**ACTIVITY:**
Output, exactly as written, the lines below starting at the line containing "Zober 24 Pocket" and ending at the line containing "Tal como se". Drop the pictures and keep both end lines.

**WORKING DATA:**
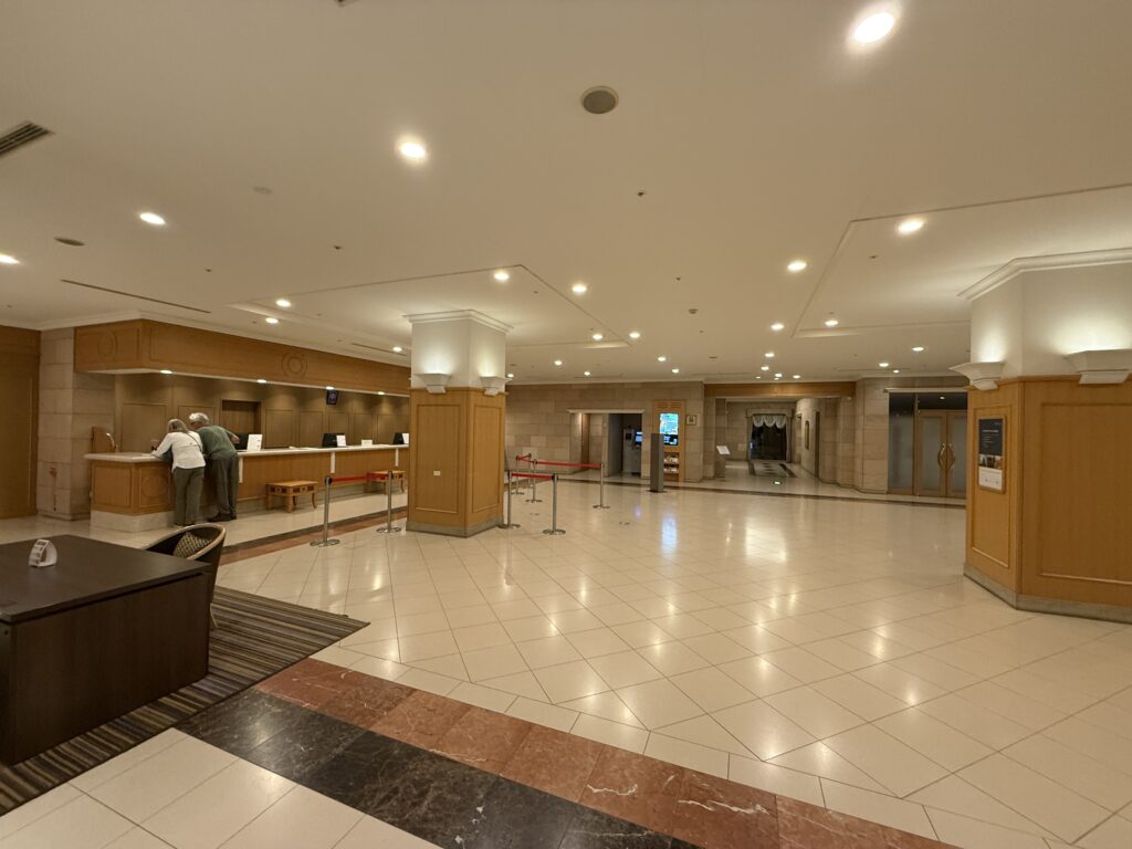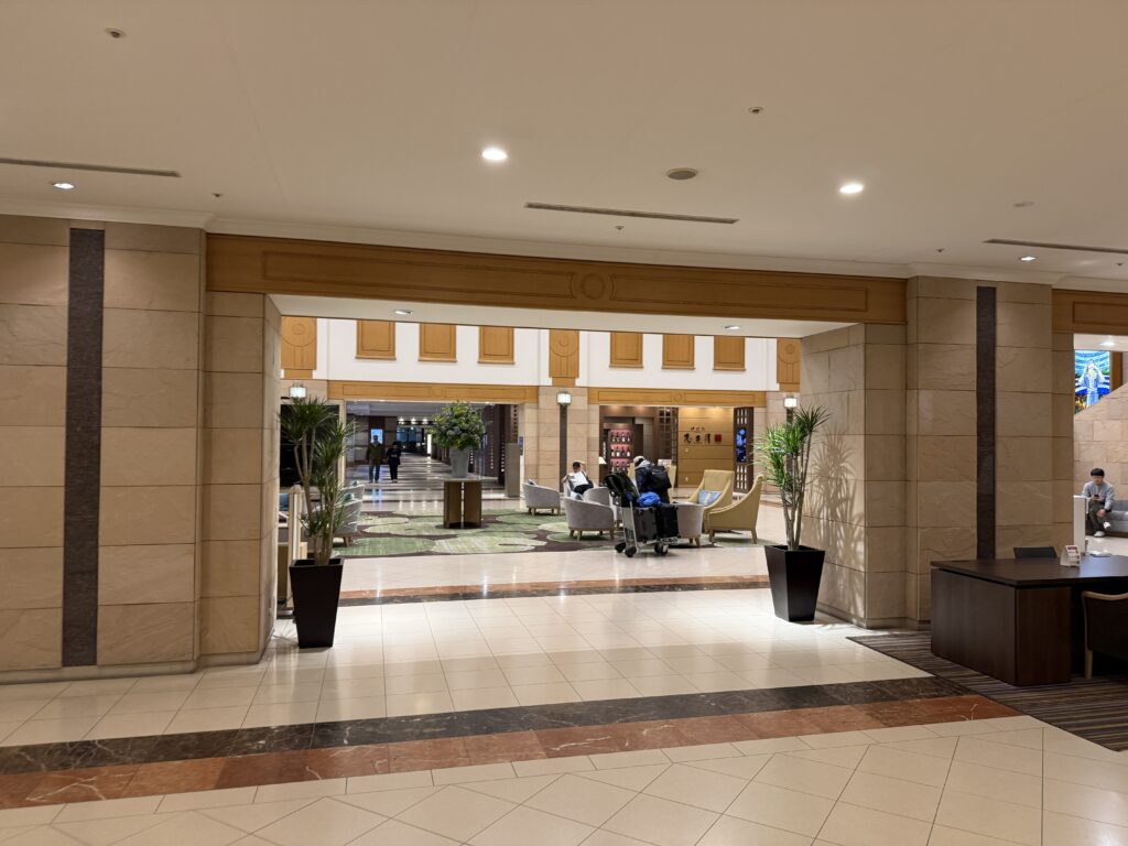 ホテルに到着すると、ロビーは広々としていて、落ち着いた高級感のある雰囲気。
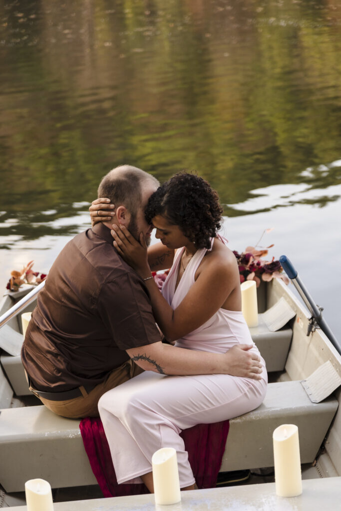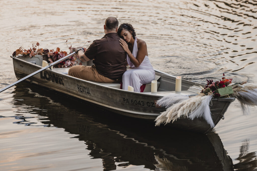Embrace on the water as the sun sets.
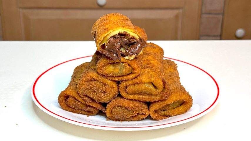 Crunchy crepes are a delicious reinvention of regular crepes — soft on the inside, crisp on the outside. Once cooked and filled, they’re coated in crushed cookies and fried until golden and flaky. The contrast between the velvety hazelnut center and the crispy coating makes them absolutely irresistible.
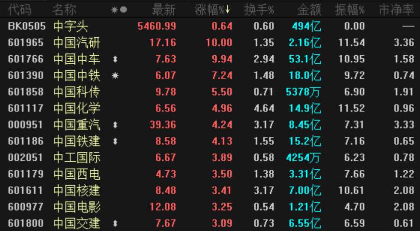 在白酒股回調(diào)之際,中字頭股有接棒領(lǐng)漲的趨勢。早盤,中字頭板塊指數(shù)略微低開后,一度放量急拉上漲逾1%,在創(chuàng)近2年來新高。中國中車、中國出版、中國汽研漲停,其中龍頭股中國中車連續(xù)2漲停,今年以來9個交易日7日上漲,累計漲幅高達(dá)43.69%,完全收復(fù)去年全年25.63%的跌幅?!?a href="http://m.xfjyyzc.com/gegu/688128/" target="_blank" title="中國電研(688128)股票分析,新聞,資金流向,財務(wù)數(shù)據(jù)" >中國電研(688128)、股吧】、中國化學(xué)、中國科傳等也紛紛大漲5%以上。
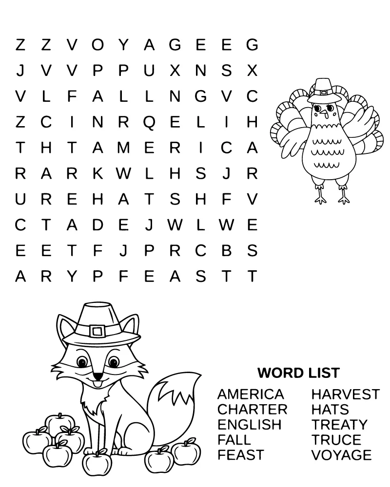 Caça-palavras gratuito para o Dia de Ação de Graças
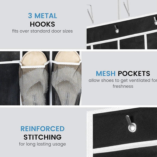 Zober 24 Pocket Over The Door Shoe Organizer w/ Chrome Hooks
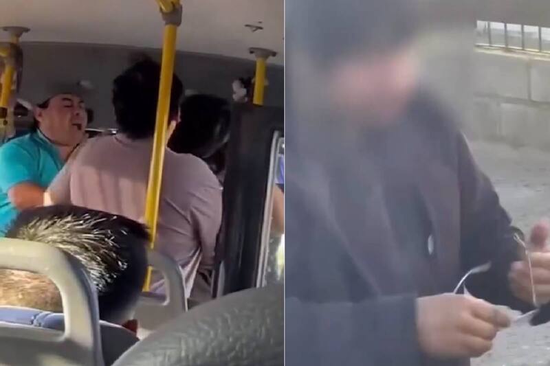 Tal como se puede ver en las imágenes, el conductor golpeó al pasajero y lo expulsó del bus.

* * *

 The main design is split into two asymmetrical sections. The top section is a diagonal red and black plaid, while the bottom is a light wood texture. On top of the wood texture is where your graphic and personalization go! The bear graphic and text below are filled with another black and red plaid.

---

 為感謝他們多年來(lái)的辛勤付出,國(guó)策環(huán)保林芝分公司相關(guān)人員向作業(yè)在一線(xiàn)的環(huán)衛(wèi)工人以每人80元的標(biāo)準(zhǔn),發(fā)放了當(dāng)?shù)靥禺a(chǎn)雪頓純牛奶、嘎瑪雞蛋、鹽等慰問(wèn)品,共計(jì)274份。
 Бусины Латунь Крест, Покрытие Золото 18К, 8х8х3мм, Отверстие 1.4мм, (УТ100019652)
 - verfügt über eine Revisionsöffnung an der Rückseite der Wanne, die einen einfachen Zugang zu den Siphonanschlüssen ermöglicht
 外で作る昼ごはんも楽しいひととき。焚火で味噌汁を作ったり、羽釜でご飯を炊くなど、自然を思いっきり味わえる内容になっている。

**COMPLETED EXERCISE:**
 Zober 24 Pocket Over The Door Shoe Organizer w/ Chrome Hooks
 Tal como se puede ver en las imágenes, el conductor golpeó al pasajero y lo expulsó del bus.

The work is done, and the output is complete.